According to Paul Preston in the book "Arquitectes del terror. Franco i els artifex de l'odi", a number of characters theorized about "anti-Spain", pointing to enemies, and in this sense accused politicians and republican intellectuals of being of Jewish race or servants of the same as masons. This accusation is widespread in Catalonia for most politicians and intellectuals, starting with Macià, Companys and Cambó, identified as Jews. "Racisme i supremacisme polítics a l'Espanya contemporània" documents this thought of the social part that would be raised against the Republic. In a mixture of degenerationism, regenerationism, and neocolonialism, it is postulated that the Spanish race—always understood as Castilian—has degenerated, and degenerate individuals are prone to "contract" communism and separatism.

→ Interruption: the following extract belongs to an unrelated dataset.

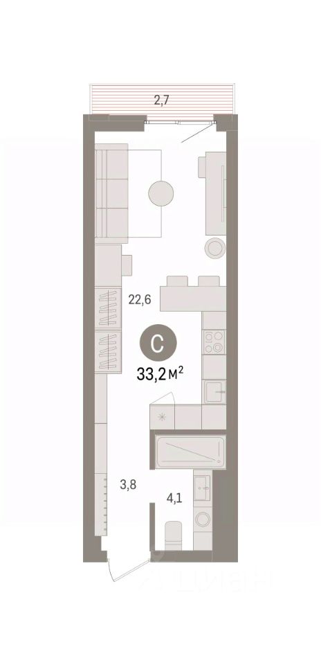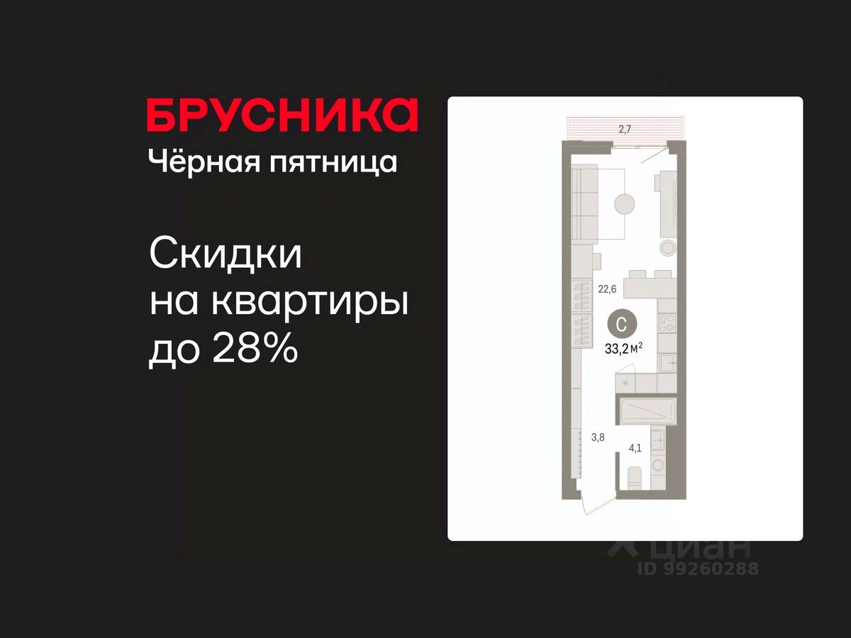 Студия в квартале ''Траектория''. Особенности планировки: предчистовая отделка, балкон. квартиры в нашей базе: МНВ01-Ж1.10.10.

In addition, some areas, such as the south of the peninsula and the Catalan countries, are considered to be degenerate wholesale, the former due to Arab remains that lead them to a "rifty" behavior, and the latter due to Semitic remains that lead them towards communism and separatism (the catalanism of any kind is called separatism).

The degeneration of individuals calls for a cleansing if it wants a prosperous and leading nation, capable of building an empire, one of the obsessions of Franco (as well as other totalitarian regimes of the time). In this regard, rebel spokesman Gonzalo de Aguilera, in 1937, told a journalist: "Now I hope you understand what we mean by the regeneration of Spain ... Our program consists of exterminating a third of the Spanish male population ...", and an interview can also be mentioned in an Italian newspaper where Franco describes that the war was aimed at "to save the Homeland that was sinking in the sea of dissociation and racial degeneration"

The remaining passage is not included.